Japanese people are mad about Western classical music. They love it. Love it almost as much as torturing people on TV game shows. Which is only a surprise until you hear their traditional music, as heard being played on flutes during the mesmeric Shinto ceremonial dances, and which frankly is to music what seppuku is to intestinal health. Wonderfully atmospheric, but tuneful? No. About as discordant as mating foxes.
This may explain why music lovers in Japan roll out the red carpet when the likes of the Munich Philharmonic Orchestra, helmed by superstar conductor Lorin Maazel, come touring. Highly praised as a knowledgeable and enthusiastic audience, the Japanese welcomed the MPO last month as Maazel directed his skilled troupe of wandering musicians through concerts in Osaka and Tokyo. It begs the question: “How does one move a small army of musicians, technicians and assistants, not to mention their instruments, to the other side of the world?” The answer is BMW.
The German car giant’s Cultural Engagement department is instrumental (fner hur) in making the MPO’s tours possible, having been a partner of the orchestra for a number of years. This is not, however, a cynical bucks-for-branding sponsorship arrangement, as the orchestra’s non-musical director Paul Müller explained. “Our relationship is not just about the money,” he told We Heart. “Of course that’s important for us, but BMW has a lot of know-how which we can use in our organisation.”

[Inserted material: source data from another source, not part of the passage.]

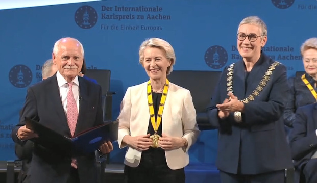 馮德萊恩當天在德國亞琛被授予查理曼獎,該獎項名稱來源於曾統一西歐和中歐大部分地區的查理曼大帝,旨在表彰促進歐洲一體化的人物。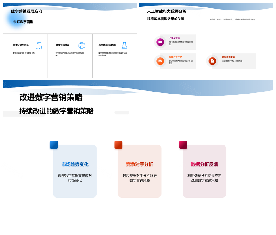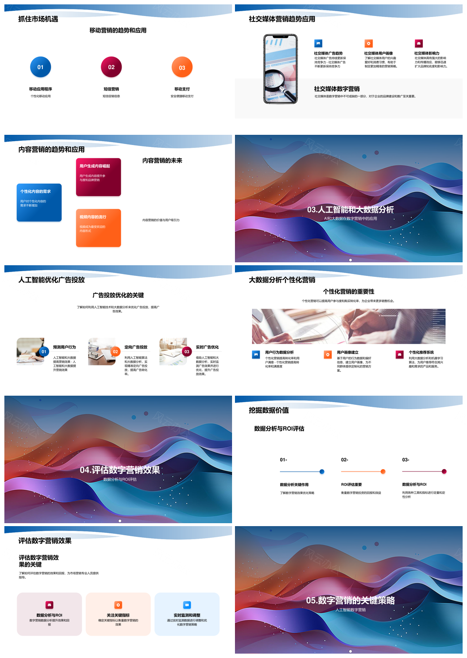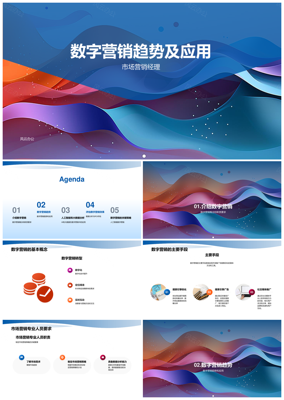 风云办公提供的数字营销趋势应用与营销经理职责解析PPT模板,下载格式为pptx,一共21页,作品中文字及图均可以修改和编辑,图片更改请在作品中右键图片并更换,文字修改请直接点击文字进行修改。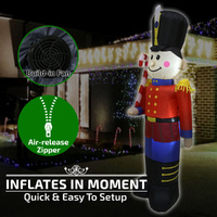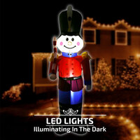 This inflatable Nutcracker Soldier creates a cheerful festive environment. This lighted, self-inflating Nutcracker Soldier comes with everything you need for set-up and installation, including build-in fan, pegs and ropes. It has energy-efficient, long-lasting LEDs inside lighting up for better nighttime viewing. It’s perfect for Christmas parties, family gatherings, events, and outdoor decoration.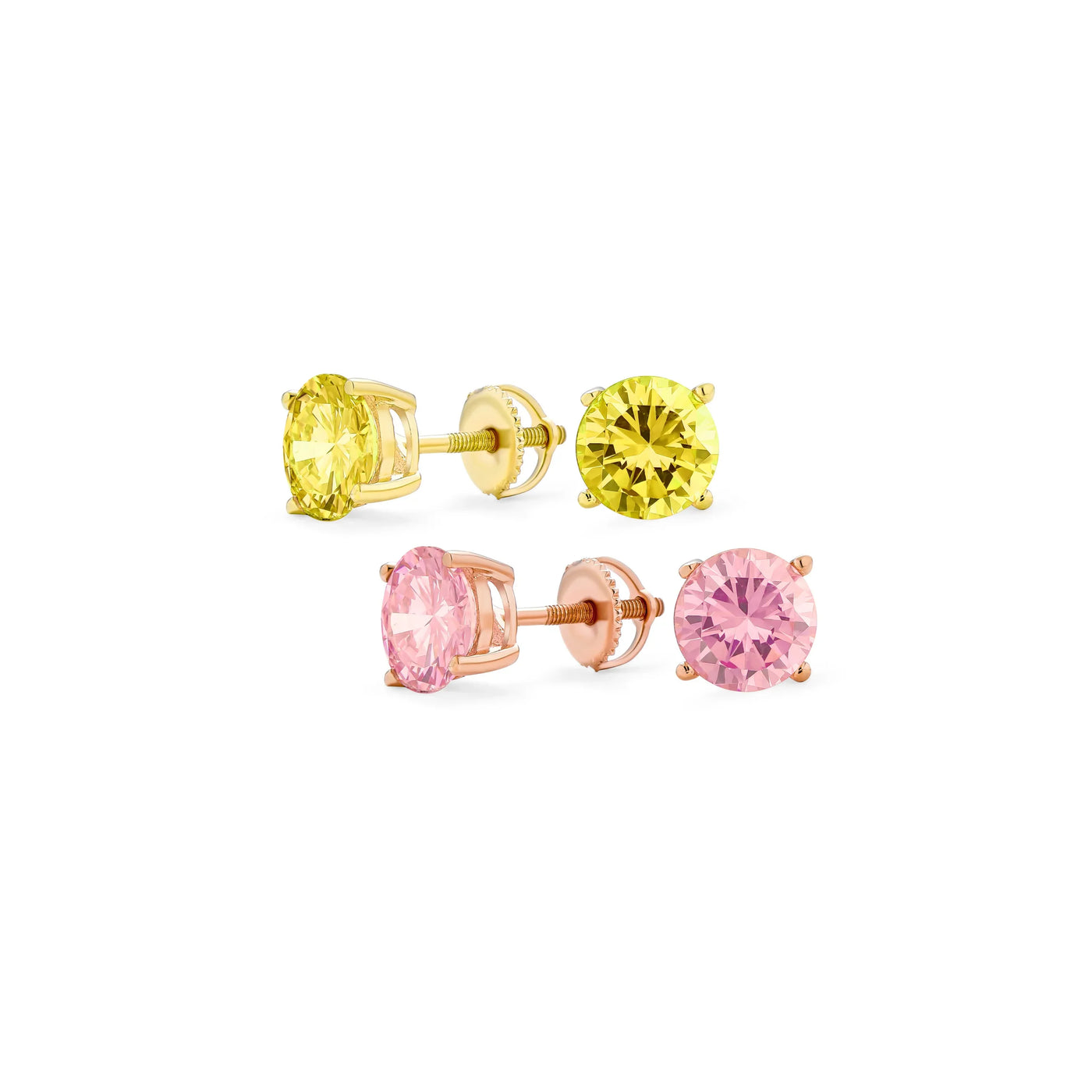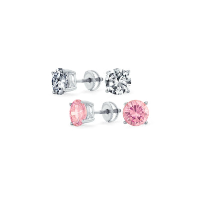Set of 2 Round CZ Stud Earrings Rose Gold Plated Sterling Silver Screw Back

Not only does BMW help fund the MPOs tours, it also invites a select few culture vultures along to enjoy the experience. Luckily they were busy, so we went instead. The first concert we were treated to took place in Osaka’s newly-renovated Festival Hall, which really did roll out a very plush new red carpet for the inaugural performance; a Teutonic feast of Wagner that had several of the Germans in the audience in tears and the rest in suitably rousing raptures of applause.
The concert lasted for more than two-and-a-half hours, the MPO holding the sold-out venue entranced under the keen stewardship of maestro Maazel, whose energy makes a mockery of his 83 years. Indeed, the man who has conducted every orchestra worth name-checking in a monumental career, and who completed this entire performance without a score, received such a long ovation at the end of each section that he was shuffling on and off stage to take his bows like a classical James Brown – all that was missing was a cape.

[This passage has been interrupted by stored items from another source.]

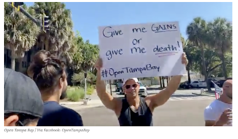 美国健身爱好者为了号召复工,街头抗议、集体请愿。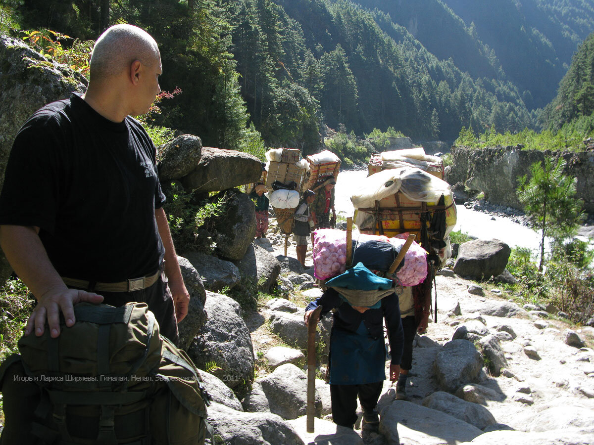 Рассказы о том, что шерпы с легкостью переносят грузы – неправда. Шерпы несут груз из последних сил, тяжело дыша и часто отдыхая. Напряжение заметно по их искаженным лицам. Иногда на очень крутых подъемах носильщики сдержанно вскрикивают от напряжения. Иногда падают без сил и не могут встать.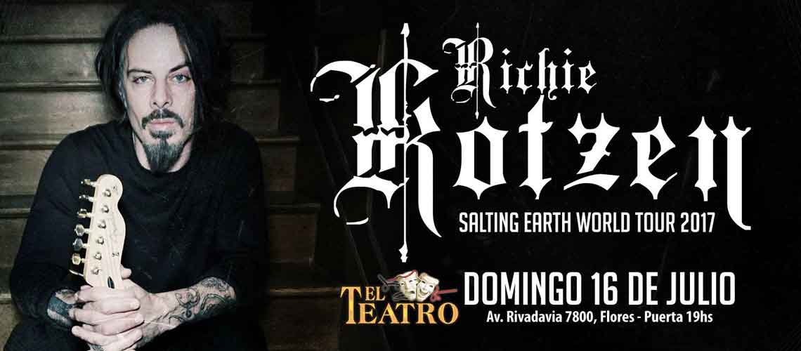 Vuelve a Buenos Aires uno de los guitarristas más creativos del Hard Rock, Richie Kotzen, presentando su flamante álbum “Salting Earth” y repasando clásicos de su carrera como solista y de todos sus proyectos. El virtuoso guitarrista, quién además de contar con una sólida carrera solista, formó parte de Poison y Mr Big, y actualmente es miembro de The Winery Dogs, el power trío que comparte junto a Billy Sheehan y Michael Portnoy. En su sexta visita a nuestro país se presentará el domingo 16 de julio en El Teatro Flores como parte del “Salting The Earth World Tour”.

How the double-bassists got their gear into the luggage racks of the bullet train I’ll never know, but before you could say “Ludwig van Beethoven” we were in Tokyo for the second concert in two days – this time adding a Russian flavour to the programme with pieces by Tchaikovsky and Stravinsky as well as LvB and Paganini. The venue this time was the Suntory Hall, and if that name rings a bell, cast your minds back to the booze Bill Murray was advertising in Lost in Translation.
A multi-purpose auditorium much favoured for its acoustics, the stage layout combined with an increase in musicians needed for the performance (the orchestra was 105-strong for this concert, up from 80 the previous night) meant some re-jigging was necessary. A stage director’s request to move those cumbersome double-basses from one side of the orchestra to the other, and rearrange the brass section might faze a lesser conductor, but Maazel – described by one of his viola players, Konstantin Sellheim, as “a genius” took it in his stride an delivered another virtuoso display, again getting his recommended daily exercise from his repeated reappearances to soak in the applause.
That stage director and his team, the wardrobe department, roadies and assistants – the invisible yet indispensable part of the Munich Philharmonic Orchestra family – are with the tour every step of the way, and it’s a testament to the organisational powers of the MPO and BMW that the whole trip went without an evident hitch. Well, if you want something organised well, who better than the Germans?